A efectos de evaluar la conformidad del bien con el contrato, la información publicitaria, las fichas técnicas y las declaraciones del vendedor previas a la celebración del contrato adquieren especial importancia. Por lo tanto, una información inexacta o engañosa implica una hipótesis de falta de conformidad.
Por regla general, en caso de que los bienes entregados no sean conformes con el contrato, el consumidor puede reclamar al vendedor la falta de conformidad constatada. Sin embargo, el consumidor NO podrá invocar legítimamente la responsabilidad del vendedor si en el momento de la celebración del contrato:
El vendedor es responsable de «cualquier falta de conformidad existente en el momento de la entrega de los bienes» y, por tanto, el consumidor debe dirigirse siempre y en todo caso al vendedor, que es la única persona con la que ha establecido una relación contractual. La responsabilidad del vendedor se limita, pues, a los defectos preexistentes, descubiertos posteriormente por el comprador. En cambio, no cubre los defectos que puedan haberse producido, por ejemplo, debido a un uso inadecuado por parte del consumidor o de terceros. El productor sólo puede ser considerado responsable en primera instancia de la falta de conformidad de los bienes entregados al consumidor en la medida en que también pueda ser llamado «vendedor», es decir, si los vende directamente al consumidor. En cualquier caso, las hipótesis de responsabilidad directa del productor previstas en otras normativas permanecen inalteradas. Por ejemplo, se destaca la responsabilidad directa del productor frente a los consumidores cuando éstos han sufrido un daño injusto debido a un defecto de producción (para más información, consulte el Código del Consumidor, precisamente la Parte IV «Seguridad y calidad de los productos», Título I «Seguridad de los productos», artículos 102 y siguientes).

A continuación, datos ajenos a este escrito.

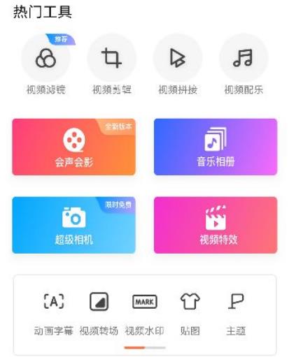 3、进入热门工具,视频滤镜、视频剪辑、视频拼接、视频配乐都是可以免费使用的;还有特色功能:会声会影、音乐相册、超级相机、视频特效等;底部还有动画字幕、视频转场、视频水印、贴图主题。

Garantía del producto – deutsch
Si vende a un cliente un producto que no cumple una o varias de las garantías de los consumidores, éste tiene derecho a una reparación, a una sustitución o a un reembolso y a una indemnización por los posibles daños y perjuicios, dependiendo de las circunstancias.
Por lo general, si el problema es menor, el vendedor puede elegir entre remediar el problema con una sustitución, una reparación o un reembolso. Si opta por la reparación y tarda demasiado, el consumidor puede conseguir que otra persona arregle el problema y pedirle que pague los costes razonables, o rechazar el bien y obtener un reembolso completo o una sustitución.
Los consumidores tienen derecho a dirigirse directamente a los fabricantes para obtener una reparación. Los consumidores pueden emprender acciones contra los fabricantes para recuperar los costes, que incluyen una cantidad por la reducción del valor del producto y, en algunos casos, una indemnización por daños y perjuicios.
Un contrato o acuerdo de prestación de servicios suele establecer cuándo se prestarán los servicios y la fecha en que se completarán. Si no es así, el proveedor garantiza la prestación del servicio en un plazo razonable. Lo que es «razonable» dependerá de la naturaleza del servicio y de otros factores relevantes como el clima, por ejemplo, si los servicios se realizan en zonas exteriores.